**DATASET SECTION:**
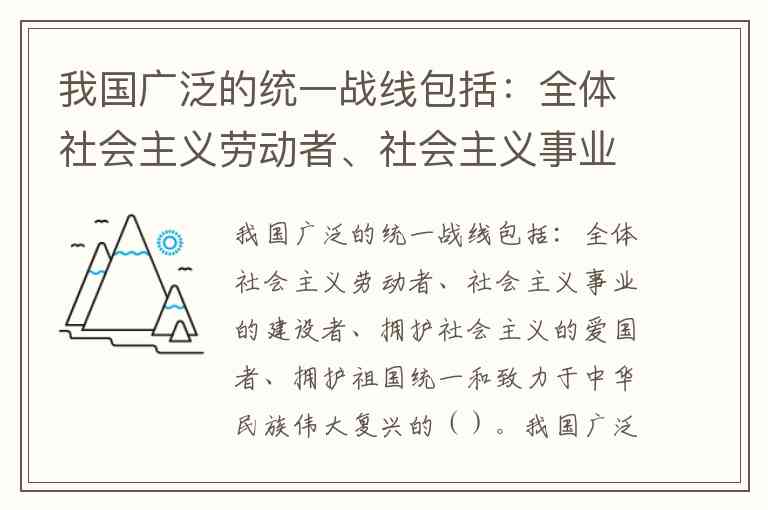我国广泛的统一战线包括:全体社会主义劳动者、社会主义事业的建设者、拥护社会主义的爱国者、拥护祖国统一和致力于中华民族伟大复兴的爱国者。这一表述由2018年宪法修正案明确,将“致力于中华民族伟大复兴的爱国者”纳入统一战线范围,标志着爱国统一战线从“爱国一家”向“复兴一体”的历史拓展,覆盖人群达14亿多中国人民和海外全体中华儿女。
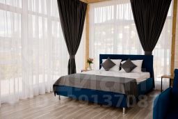 В комнате предусмотрено наличие большой двуспальной кровати.
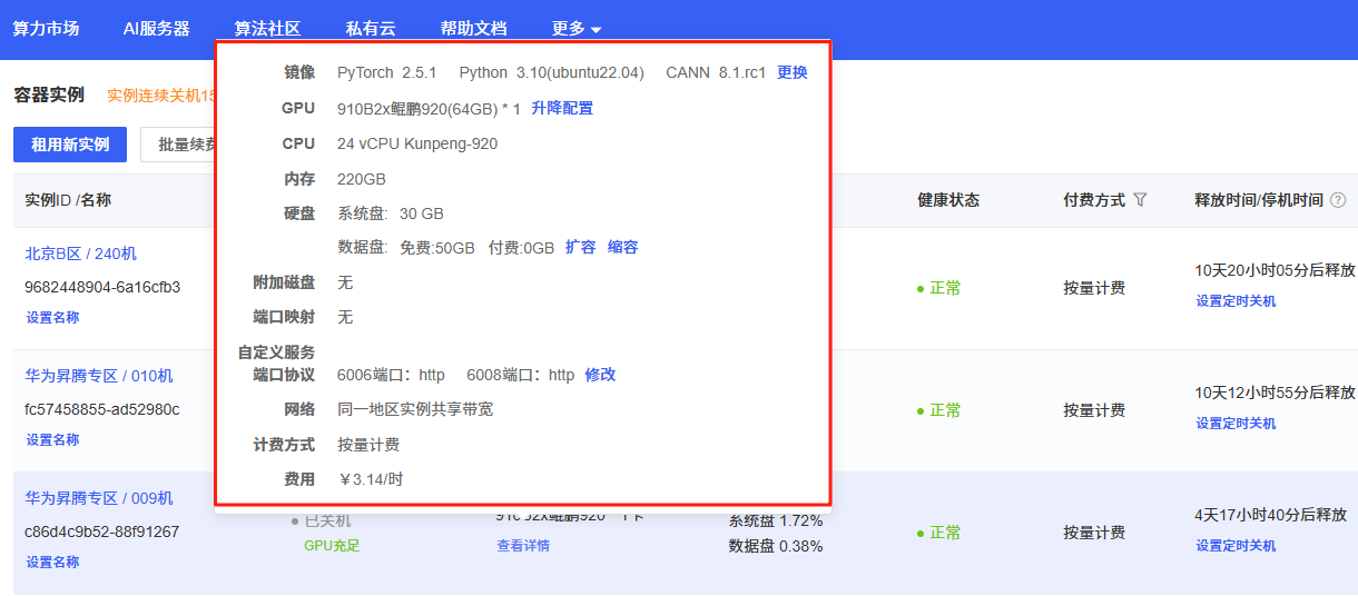 下面图片是我所租的昇腾卡和具体环境版本,太具体的就不说了,有需要的话我单独出一期Autudl租显卡的教程,主要是为了学习昇腾环境如何运行Yolo系列模型。

**WHAT IS EXPECTED:**
Your reply should hold every line of the material, unaltered, and not one picture.

**TASK RESULT:**
我国广泛的统一战线包括:全体社会主义劳动者、社会主义事业的建设者、拥护社会主义的爱国者、拥护祖国统一和致力于中华民族伟大复兴的爱国者。这一表述由2018年宪法修正案明确,将“致力于中华民族伟大复兴的爱国者”纳入统一战线范围,标志着爱国统一战线从“爱国一家”向“复兴一体”的历史拓展,覆盖人群达14亿多中国人民和海外全体中华儿女。
 В комнате предусмотрено наличие большой двуспальной кровати.
 下面图片是我所租的昇腾卡和具体环境版本,太具体的就不说了,有需要的话我单独出一期Autudl租显卡的教程,主要是为了学习昇腾环境如何运行Yolo系列模型。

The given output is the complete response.